(Bloomberg) -- Federal Reserve Bank of Minneapolis President Neel Kashkari said it was premature to judge what impact the collapse of Silicon Valley Bank will have on the economy, but the Fed also needs to focus on lowering inflation.

“What’s unclear right now is how much of the banking stresses of the past few weeks is leading to a sustained credit crunch which would then slow down the US economy,” he told a townhall Thursday in St. Paul, Minnesota. “Banks on average have a lot of capital. The Federal Reserve and the other banking regulators are standing behind the banking system. So that should give us all confidence. It’s going to take us a while until we fully understand, are there more losses out there.”


Kashkari was at the center of the government’s response to the 2008-2009 financial crisis and he said that he’d taken some important lessons from that experience.
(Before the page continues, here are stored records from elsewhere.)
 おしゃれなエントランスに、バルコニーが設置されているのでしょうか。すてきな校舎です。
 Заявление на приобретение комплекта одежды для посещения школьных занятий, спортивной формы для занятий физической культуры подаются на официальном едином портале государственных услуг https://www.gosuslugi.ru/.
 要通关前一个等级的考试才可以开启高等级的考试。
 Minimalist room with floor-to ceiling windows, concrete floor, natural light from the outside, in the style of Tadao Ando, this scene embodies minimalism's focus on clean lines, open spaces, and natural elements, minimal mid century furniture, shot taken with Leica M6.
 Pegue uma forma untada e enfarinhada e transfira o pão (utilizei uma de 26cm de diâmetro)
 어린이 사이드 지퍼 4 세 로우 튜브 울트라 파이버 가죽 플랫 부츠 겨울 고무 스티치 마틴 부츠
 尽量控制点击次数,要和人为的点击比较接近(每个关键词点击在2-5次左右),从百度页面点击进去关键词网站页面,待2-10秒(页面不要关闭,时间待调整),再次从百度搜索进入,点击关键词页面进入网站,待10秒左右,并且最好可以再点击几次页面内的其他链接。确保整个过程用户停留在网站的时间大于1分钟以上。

“Banking panics and banking stresses tend to take longer than you think. In 2008, it took a couple years. I’m not forecasting that. I don’t think we have that kind of situation here,” he said. “But every time in 2008, we thought we are through it there was another shoe yet to drop. So I am prepared to think this could take a little longer than we expect until we fully get behind it.”

Still, he also noted that inflation was too high and that the services sector, excluding housing, has yet to slow down despite a series of aggressive interest-rate increases by the Fed over the past 12 months.
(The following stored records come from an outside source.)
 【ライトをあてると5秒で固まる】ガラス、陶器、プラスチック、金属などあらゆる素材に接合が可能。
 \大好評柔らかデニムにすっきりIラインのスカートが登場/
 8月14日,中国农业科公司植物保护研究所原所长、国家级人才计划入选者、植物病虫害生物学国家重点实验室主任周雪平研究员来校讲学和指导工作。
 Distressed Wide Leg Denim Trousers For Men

“The services part of the economy has not yet slowed down and wage growth is — we want higher wages — but wage growth is still growing faster than what is consistent with our 2% inflation target,” he said. “That tells me we still have more work to do to bring the services side of the economy back into balance.”
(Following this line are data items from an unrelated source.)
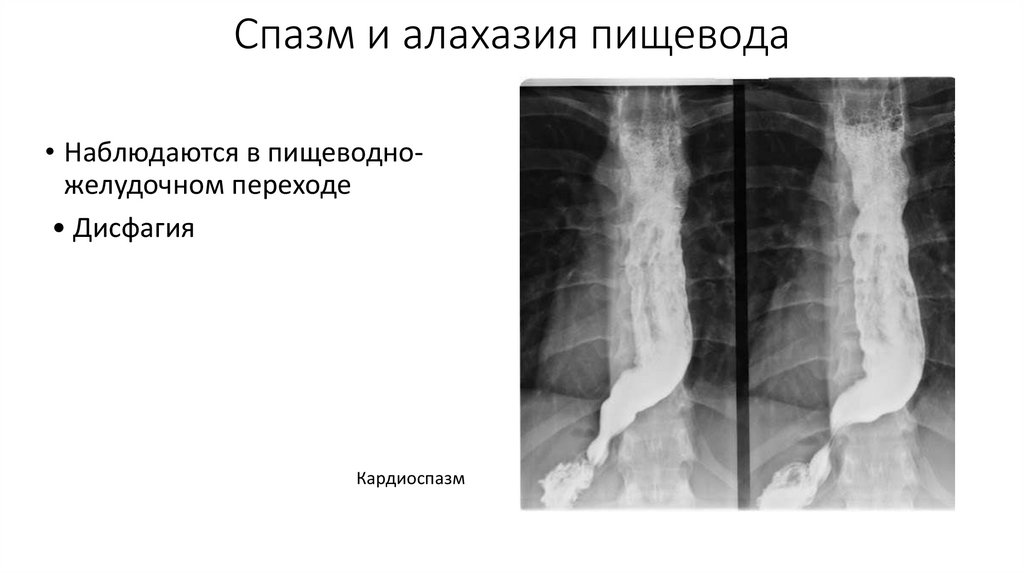 Спазм и алахазия пищевода• Наблюдаются в пищеводножелудочном переходе
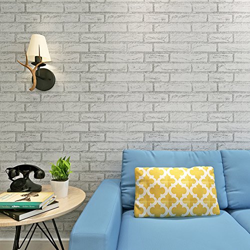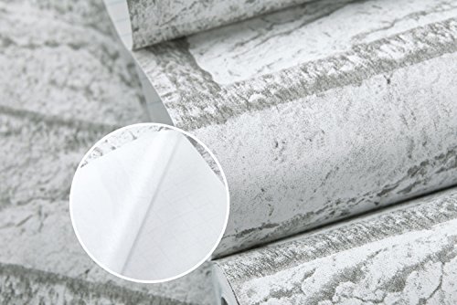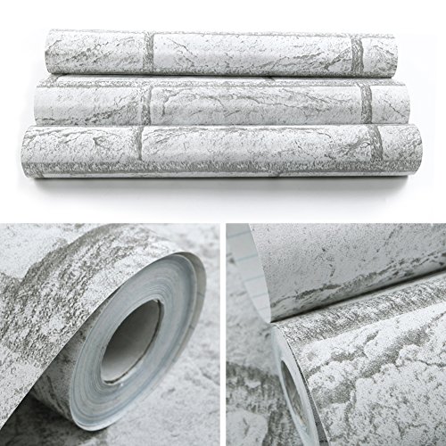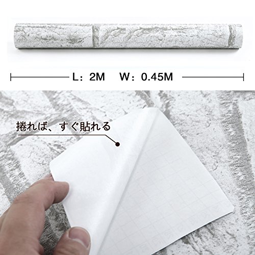 (ハンメロ)HANMERO®接着剤いらず粘着付き壁紙ビニールクロスかんたん貼付シールタイプおしゃれなレンガ柄DIY/模様替え/ファーニチャーリフォーム/ベッドルーム/リビングルーム用約45cm巾×2m巻(ライトグレー)
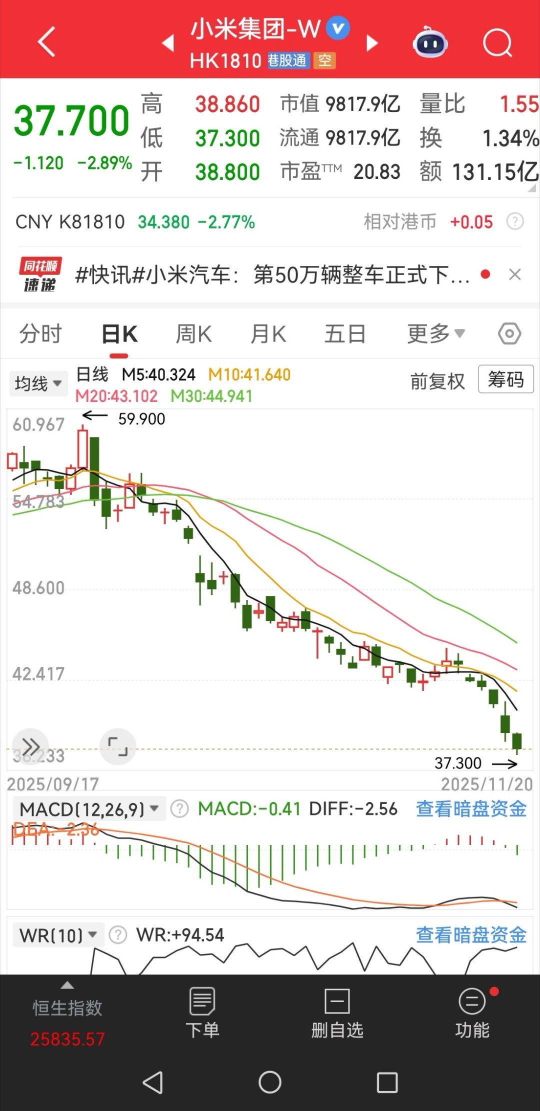 小米是怎么了,怎么跌跌不休了,还好我55就卖了,不然也亏的要哭了!
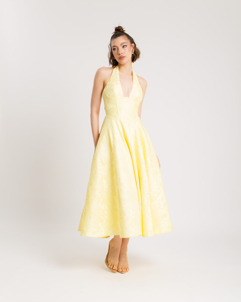 Abito midi in tessuto strutturato con lavorazione tono su tono. Il corpetto aderente con scollo profondo e allacciatura halter valorizza il décolleté e definisce il punto vita, stringhe sul retro regolabili. Gonna ampia, a ruota che crea volume e movimento, chiusura sul retro con zip, poco elastico
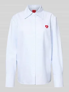 Bluzka koszulowa damska HUGO;Model ‘Erselia’;Efekt: jednolity kolor;Krój: Oversized;Kształt kołnierza: Kołnierzyk koszulowy;Wzór: w paski;Aplikacja:

US central bankers are trying to balance their responsibility for price stability at a time of high inflation, and financial stability following the second-biggest bank failure in US history.

Officials raised interest rates by a quarter percentage point last week, continuing their year-long fight to cool price pressures despite recent turmoil in the banking system. 

The move lifted their policy benchmark to a 4.75% to 5% target range, from near zero in March 2022. Forecasts released at the same time show the 18 officials expect rates to reach 5.1% by the end of the year, according to their median projection, implying one more 25 basis-point hike.

(Updates with Kashkari comment on inflation in sixth paragraph.)